There are not only hundreds of television networks on the cable dial clamoring for content and viewership, but dozens of other online platforms as well. Almost every network today runs programming 24/7 with the peak hours from 7 AM to 10 PM filled by mostly original content. Granted, specific cable channels like MeTV thrive on reruns, and the History Channel certainly recycles old documentary shows from yesteryear, but there is a need for first-run programming like never before. Documentary filmmaking is a way of creating loads of content that’s relatively inexpensive to produce too. Thus, documentaries are no longer just the domain of the likes of PBS or National Geographic. Docs make for some of the toniest content you can find on Amazon Prime and all other sorts of pay platforms, not to mention cable news stations as well as the sports-themed ones. Material is needed, and real stories are always available to tell and can be incredibly timely.

2) Affordability

These days features done for the cineplex average in cost between $70-90 million. Television series, be it dramas like Westworld or comedies like The Marvelous Mrs. Maisel, cost millions to make too, with the average cost of an hour of scripted television coming in at anywhere between $1-7 million. Enter the documentary. Generally, they cost a fraction of what it takes to make a tentpole film or a TV series requiring 10-22 episodes. The higher-budgeted docs may cost $10,000 per minute of film put onscreen, but with most of them rarely exceeding two hours, that comes out to merely $1.2 million, and that’s the high end. Documentaries can make for entertaining and provocative films and television series, as well as produce an appealing financial picture as well. The value is in the content rather than the look.

The poster for RBG (Ruth Bader Ginsburg)

3) Profitability

The ROI (return on investment) of documentaries can be the envy of a lot of studios spending millions on movie budgets and their marketing campaigns. 2019 Oscar winner Free Solo ended up raking in $21 million worldwide. Won’t You Be My Neighbor? became the top-grossing biography doc of all time with a domestic take of over $22 million. RBG, the Oscar-nominated biography about Supreme Court Justice Ruth Bader Ginsburg from last year, also did exemplary business earning a respectable $13 million. Some surmise that these films resonated so strongly with audiences due to their complex, adult stories, the kind in short supply in mainstream Hollywood these days. No matter, a topical and timely doc can become a word-of-mouth hit, and help drive even more interest in additional docs.

4) Social Consciousness

With hundreds of platforms up and down the internet, anyone wanting to trumpet a cause can quite readily. It’s easier than ever to press one’s political agenda or illuminate a social concern what with 500 cable channels, oodles of outlets online, and even do-it-yourself subscription channels on blogs and sites such as YouTube.

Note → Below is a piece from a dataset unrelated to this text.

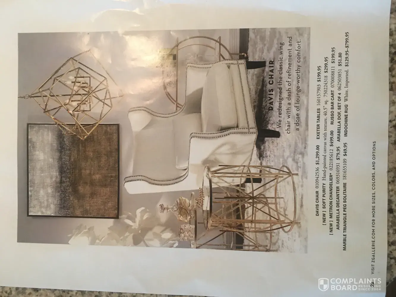 Zgallerie have the worst customer service that I have ever experience . Their product looks nice and very expensive but not worth the price . I order several items from them had issues with the item the managers never return my phone call that was 2 months ago . I called several time again to speak to them they said they will have to call me back and put me on a Q list still to no avail . In addition costumer service was suppose to give me a gift card via email nothing has shown up . They need to be out of business . I will now do all my shopping on Wayfair their customer service is one of the best they will never leave you unsatisfied

With our burgeoning information age, few issues are remaining in the dark. The raising of social consciousness has been a godsend for filmmakers wanting to fight the good fight. Not only is the audience there for more documentary-style pieces, but frankly, they’re clamoring for them. Knock Down the House, the Netflix doc charting the rise of progressive female politicians like Alexandra Ocasio-Cortez helped cement her standing as a folk hero and top politico for our modern age. She’s having her moment, and that documentary is right there with her helping lure thousands of followers for her and the streaming service online.

Alexandra Ocasio-Cortez in Knock Down the House

5) Lowered Expectation for Production Values
Anyone with a cellphone can virtually call themselves a filmmaker these days, and audiences have become less finicky about homemade production values. Sure, they want CGI to look incredibly realistic when Thor is battling Thanos, but for lesser projects, there is a wide gamut of acceptability. Just look at ‘found footage’ horror films, the permeation of silly animal videos, or the influencer content vis à vis Kendall Jenner on Instagram – audiences judge things in their context and lower the bar accordingly. A less is more ‘look’ actually becomes an asset in most documentaries too, especially since production values have always taken a back seat in the genre.6)

Filmmakers such as Errol Morris or Ava DuVernay may apply state-of-the-art cinematography to their docs, but it’s not essential for a film to communicate its POV. Thus, a whole lot of people now making daily docs up and down Facebook or Twitter, documenting their own lives, their critique of an event (Hello, Mojo.com), or even creating news out of whatever they’ve filmed. It’s all a form of documentary filmmaking, and such films touch us dozens of times throughout the day. Who needs Hollywood when someone’s Final Cut Pro program on their computer will do just fine, particularly in putting together an inexpensive but potent doc?

6) Reality Television

The term “reality television” covers all kinds of content and has become the most default form of entertainment in the past 20 years. Game shows like Survivor or Project Runway are a form of reality television as they chronicle the challenges contestants face as if they were in a doc.  All those Housewives filling up show after show in Bravo’s programming are a form of documentary too. Landmark shows that started most of these trends, like The Real World on MTV back in the ’90s, or Behind the Music, on VH-1 that same decade, were mainly just documentaries in different clothing. Because of them, for well over three decades now, audiences have gotten used to the tropes of documentary-style filmmaking, and such conditioning creates more of an appetite for the genre on the big and small screen.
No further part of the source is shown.